次の手順を使用して、ID プロバイダーによって返される SAML レスポンスで指定された RoleSessionName SAML 属性をチェックし、Amazon Connect でログイン名を取得して比較します。

  1. エンドツーエンドのログインプロセスに対して HAR キャプチャ (HTTP AR チャイブ) を実行します。これにより、ブラウザ側からネットワークリクエストがキャプチャされます。HAR ファイルを任意のファイル名 (saml.har など) で保存します。

    手順については、「ブラウザで AWS サポートケースに使う HAR ファイルを作成する方法を教えてください」を参照してください。

  2. テキストエディタを使用して、HAR ファイル内で SAMLResponse を検索します。または、以下のコマンドを実行します。

    $ grep -o "SAMLResponse=.*&" azuresaml.har | sed -E 's/SAMLResponse=(.*)&/\1/' > samlresponse.txt

    • これにより、HAR ファイル内の SAMLresponse が検索され、samlresponse.txt ファイルに保存されます。

    • レスポンスは URL エンコードされ、コンテンツは Base64 エンコードされます。

  3. URL レスポンスをデコードし、サードパーティーのツールまたは単純なスクリプトを使用して Base64 コンテンツをデコードします。例:

    $ cat samlresponse.txt | python3 -c "import sys; from urllib.parse import unquote; print(unquote(sys.stdin.read()));" | base64 --decode > samlresponsedecoded.txt

    このスクリプトは、単純な python コマンドを使用して、元の URL エンコード形式から SAMLResponse をデコードします。次に、Base64 からのレスポンスをデコードし、SAML レスポンスをプレーンテキスト形式で出力します。

  4. デコードされた応答で、必要な属性を確認します。例えば、次の図は、RoleSessionName の確認方法を示しています。

    rolesessionname を確認するための grep コマンド。

  5. 前のステップで返されたユーザー名が Amazon Connect インスタンスにユーザーとして存在するかどうかを確認します。

    $ aws connect list-users --instance-id [INSTANCE_ID] | grep $username

    • 最後の grep が結果を返さない場合、これはユーザーが Amazon Connect インスタンスに存在しないか、大文字/小文字が異なって作成されていることを意味します。

    • Amazon Connect インスタンスに多数のユーザーがある場合、ListUsers API コールからのレスポンスがページ分割されている可能性があります。API から返された NextToken を使用して、残りのユーザーを取得します。
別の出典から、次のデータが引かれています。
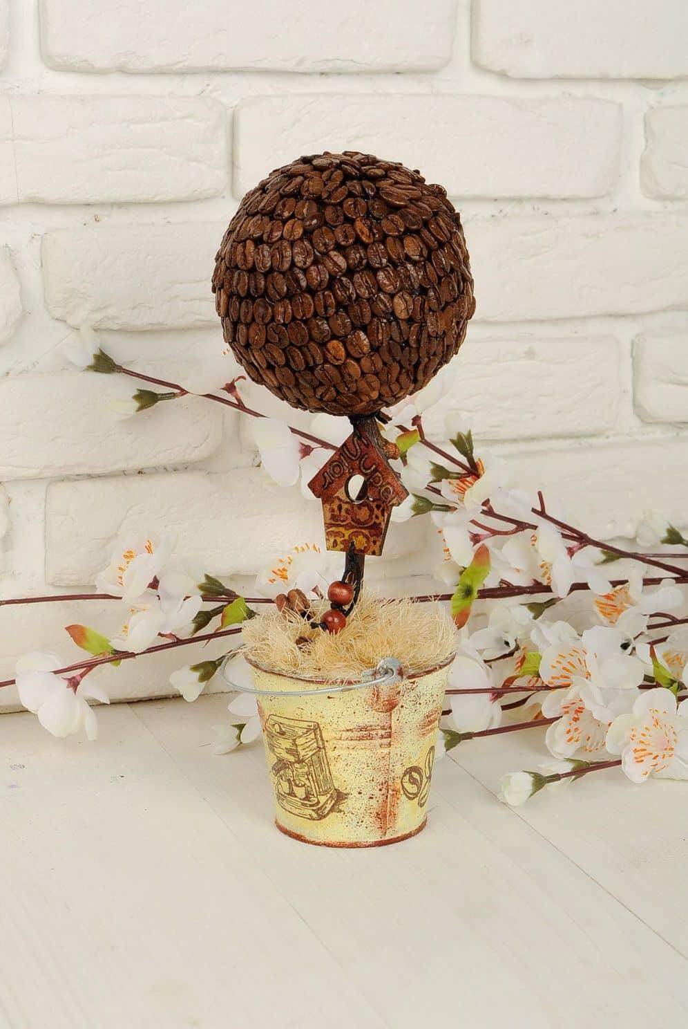 Топиарий из кофейных зерен можно поставить на кухне и наслаждаться кофейным ароматом не только по утрам

詳細については、「ListUsers」を参照してください。

SAML レスポンスの例

以下は、サンプル SAML レスポンスからの図です。この場合、ID プロバイダー (IdP) は Azure Active Directory (Azure AD) です。

サンプルの SAML レスポンス。

エラーメッセージ: 「Access denied, Please contact your AWS account administrator for assistance」。

エラーメッセージ: アクセスが拒否されました。

これは何を意味するのでしょうか?

ユーザーが引き受けたロールは、SAML を使用して正常に認証されました。ただし、ロールには、Amazon Connect の GetFederationToken API を呼び出すアクセス許可がありません。この呼び出しは、ユーザーが SAML を使用して Amazon Connect インスタンスにログインできるようにするために必要です。

解決方法

  1. connect:GetFederationToken のアクセス許可を持つポリシーを、エラーメッセージで見つかったロールにアタッチします。次に、サンプルポリシーを示します。

    {
    "Version": "2012-10-17",
    "Statement": [{
        "Sid": "Statement1",
        "Effect": "Allow",
        "Action": "connect:GetFederationToken",
            "Resource": [
            "arn:aws:connect:ap-southeast-2:xxxxxxxxxxxx:instance/aaaaaaaa-bbbb-cccc-dddd-eeeeeeeeeeee/user/${aws:userid}"
            ]
        }
    ]
}

  2. IAM コンソールを使用してポリシーをアタッチします。または、アタッチロールポリシー API を使用します。例えば、次のようにします。

    $ aws iam attach-role-policy —role-name [ASSUMED_ROLE] —policy_arn [POLICY_WITH_GETFEDERATIONTOKEN]

エラーメッセージ: セッションが有効期限切れです

ログイン中に [セッションが有効期限切れです] メッセージが表示される場合は、ほとんどの場合、セッショントークンを更新するだけで解決できます。ID プロバイダーに移動して、ログインします。Amazon Connect ページを更新します。引き続きこのメッセージが表示される場合は、IT チームにお問い合わせください。